Otherness, David Brin
Bantam Spectra, 1994, 357 pages, C$7.99 mmpb, ISBN 0-553-29528-4
David Brin is one of my favourite writers, ever. His fiction is full of technological optimism, cautious but determined environmentalist, good old Campellian human chauvinism and rockin’ action. More than anything else, Brin reminds me of early Niven stories, where the galactic void was the limit, characters dared to go beyond it and ideas flowed freely. He may not write the most polished prose ever, but Brin never loses sight of the reason readers buy his books: To be entertained. For that reason alone, a single of Brin’s short stories is worth more to me than truckloads of stuffy self-conscious literary dreck. (Okay, so I’m hyperbolating again. Shoot me.)

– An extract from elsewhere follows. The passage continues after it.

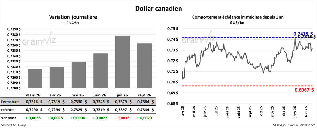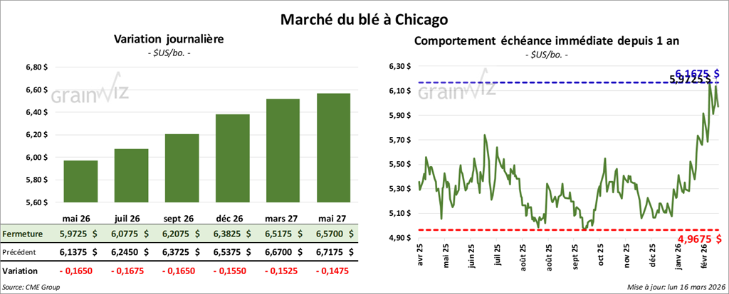 À Chicago, le contrat de blé mai 26 a clôturé à 5,9725 $ (-16 ½ cents). Celui juillet 26 a fermé à 6,0775 $ (- 16 ¾ cents). Celui septembre 26 a terminé à 6,2075 $ (- 16 ½ cents).

The River of Time, his first short story collection, was probably the best single-author short story collection I’ve ever read, the only other contender being Greg Egan’s Axiomatic. So, it’s really unexcusable that I waited so much time to read Otherness, more than three years after it came out on the market.
The bad news is that it’s less overwhelmingly impressive as The River of Time. The good news is that it’s still a Brin anthology; fun and fascination available for all.
This isn’t your usual “bag’o’stories” collection: The book is divided in five thematic sections, from “Transitions” to “Otherness”. Included in the mix are story notes (unusually placed in the middle of the section) and short essays mostly concerned about the theme of “Otherness”.
What is that Otherness thing Brin seems to be so enthusiastic about? Well, it’s a bit like this: Only in the Western world today, do we have an obsession at proving that we are wrong: Youth questions authority, historian question traditional interpretation of history, children are expected to be better (ie: not do what their parents did wrong), people often using the expression “But I might be wrong”, outright glorification of other cultures, etc… This is socially unprecedented, and a good thing, says Brin in a much better way than I can. The essay in which this principle is first explained is hilarious and profoundly fascinating. Recommended reading.
The rest of the book is mostly entertaining. The only dull section is “Cosmos”, where literary tricks take the initiative, and the story suffers. “What continues, what fails…” has a fantastic premise but an overlong execution that still didn’t grab me, even the second time around.
A seemingly disproportionate amount of stories deal with motherhood (At least four of them), an unusual theme for a male author. A typically Campbellian “human-uber-alles” story, “The Warm Space” is also the weakest of the volume. I particularly enjoyed “Those Eyes” (a story) and “What to say to an UFO” (an essay) for the coldly rationalistic perspective of the UFO hysteria. “Detritus Affected” was very interesting up to the ending, which is absent.
Overall, a pleasant but not really spectacular anthology. The cover illustration by Donato is lovely, and the whole anthology can be read in a short amount of time. Not to be missed by any Brin fan.